March 15, 1961. A misty morning in Geneva. One sleek Jaguar E-Type coupé – registration 9600 HP – rolls up to the Parc des Eaux Vives with just 20 minutes to spare after a flat-out, fog-delayed overnight dash from Coventry.
Sir William Lyons, the man who built Jaguar, stands beside the open door, hands in pockets, as journalists swarm. ‘Good God, Berry, I thought you were never going to get here!’ he quips to his PR man, while the car gets a frantic wipe-down.
That moment? Pure automotive history, the 1961 Geneva Motor Show.
The E-Type didn’t just launch – it exploded onto the scene. 150mph claimed top speed, revolutionary disc brakes all-round, Malcolm Sayer’s breathtaking curves and a price that undercut every exotic rival.

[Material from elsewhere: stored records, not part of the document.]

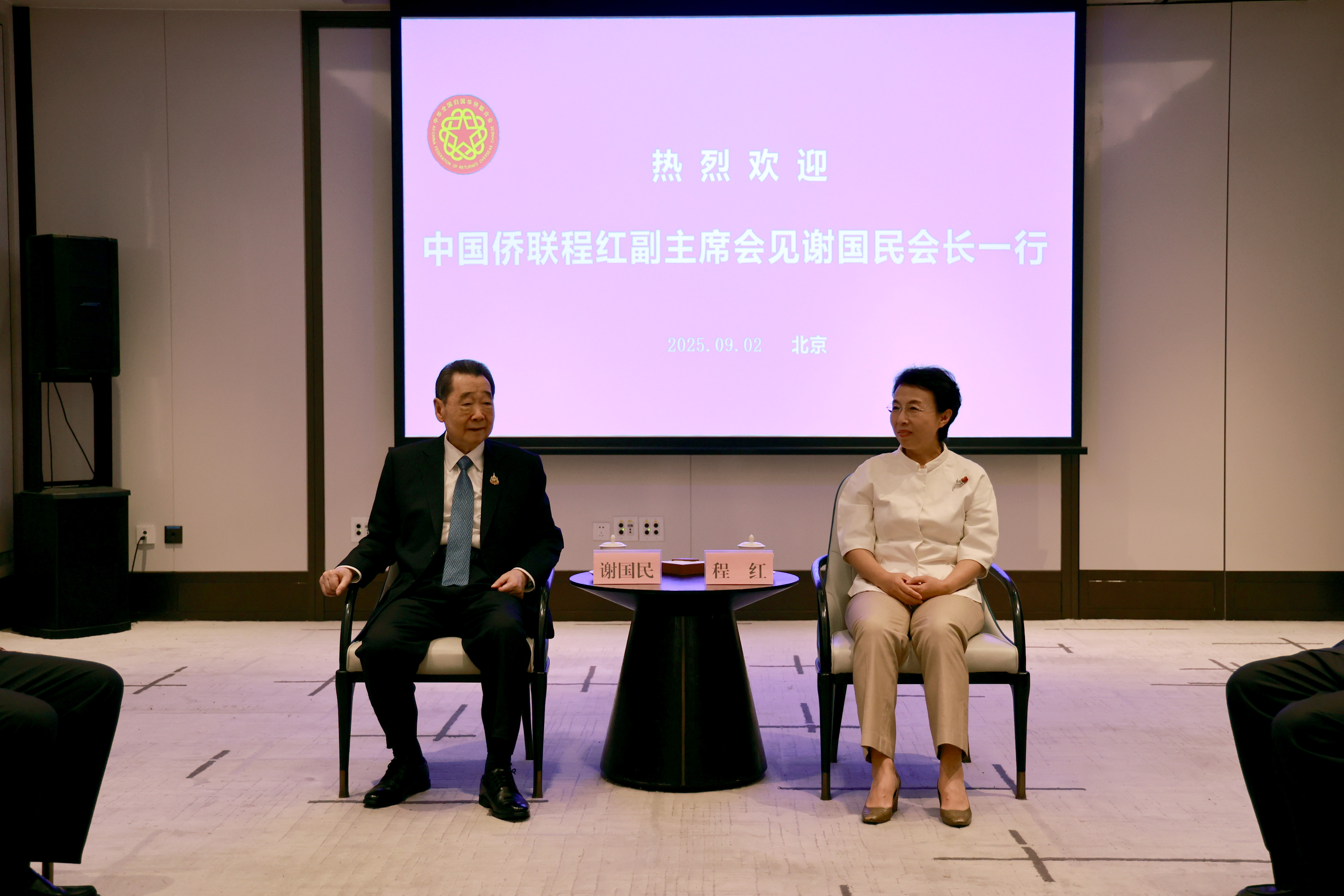 9月2日上午,中國僑聯副主席程紅在北京華僑大廈會見謝國民集團資深董事長、謝吉人集團董事長一行,雙方舉行了親切友好的會談。當天上午,謝吉人集團董事長還應邀參加了在京召開的中華海外聯誼會六屆二次常務理事會。
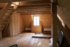Ausbau eines Dachbodens mit Fenster, Wandschränken und Spitzbodentreppe
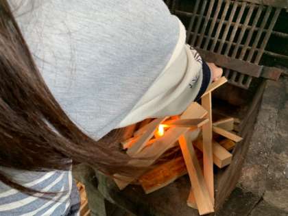 マッチを使って見事に着火成功。
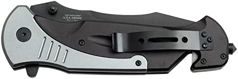 - SPECIAL FEATURES: Finger Flipper, Liner Lock, Grey and Black Aluminum Handle with Sheriff Medallion, Rope Cutter, Glass Punch, Pocket Clip.

Orders flooded in faster than Jaguar could build them (they planned for 250; the show alone brought 500+).
Even Enzo Ferrari reportedly called it ‘the most beautiful car ever made.’
This black-and-white photo captures the exact instant the world fell in love. The crowd, the pines, the poised founder, the revolutionary machine with its door flung open like it’s saying, ‘Come drive me.’
From that day forward, the E-Type wasn’t just a car. It was a cultural icon – the shape that defined cool in the Swinging Sixties, the dream machine for rock stars, racers, and dreamers alike.
65+ years later, it still stops hearts and turns heads. Timeless. Unmatched. Utterly British.